No one knows how much damage this business of whaling is actually doing to our Tourism Industry, especially in such critical economic times. It would seem that those in authority have gone to sleep in relation to tourism trends and global responses to environmental issues. One has to ask the question: Are the professionals who are employed by Government to advise on these matters actually doing their jobs? Or are we really dealing with a top-down situation where those in authority are not listening to the professionals?

If I were to go by the brief words shared between Mr Ryan and me while on our respective pilgrimages to the IWC, the former would be the most likely answer, since, according to him, he is not in favour of the killing of whales, but he is only doing his job. However, it is very hard to tell who is speaking the truth after the 2010 investigative journalism by the UK Times, which exposed blatant corruption on the part of some Caribbean nation’s representatives, by accepting favours from the Japanese in the form of luxury travel and accommodation, cash and even the services of prostitutes in exchange for their support of the Japanese agenda at the IWC. At the time of this exposure, Antigua’s Commissioner to the IWC was also serving as Acting Chairman of the organization, and he too admitted to accepting some of those favours.

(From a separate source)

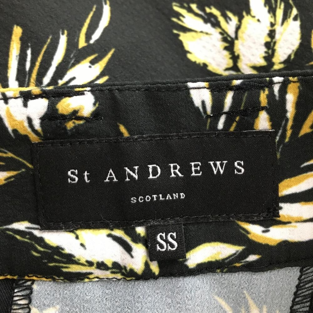 【超美品】セントアンドリュース スカート 黒×イエロー×白 花柄 レディース SS ゴルフウェア St ANDREWS
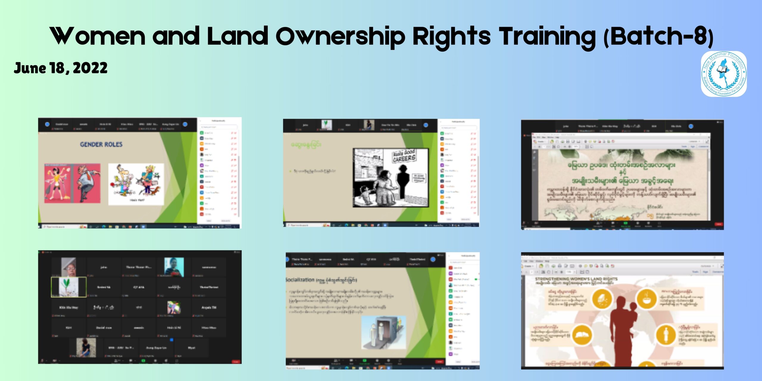 On June 18, 2022, the New Myanmar Foundation (NMF) and Women Lead Resource Center (WLRC) organized an online training titled “Women and Land Rights (Batch-8)” with the objective of enhancing women’s land ownership and participation in various sectors. The session, conducted from 16:00 to 18:00 Thai Standard Time, was led by Daw Ohnmar Aung Min as the lecturer and 21 participants attended.

Is this the type of image we want to continue to project to the world?

The Japanese overt courting of these small island nations to support their agenda at the IWC is no secret to anyone. But for a developed nation to take advantage of the vulnerability of small and economically deprived nations, when such an agenda can damage that nation’s integrity and ability to sustain itself is not only highly irresponsible, it is criminal. And so are the local politicians who take our nations along this path. The IWC also has a very important responsibility to live up to as well.

What is certain is that we need to take the whaling shackles off our Tourism Industry in order for it flourish and bring benefits to the local economy, and the sooner we do so, the better off we will be as a nation. Today’s discerning traveller is very hesitant to patronize nature-based tourism destinations that habitually violate international human and ecological standards and regulations, and there are a growing number of organizations out there to keep them informed. We can find much more meaningful things to do with the human and financial resources that we are currently investing in maintaining a presence at the IWC. The time to put an end to this has long passed.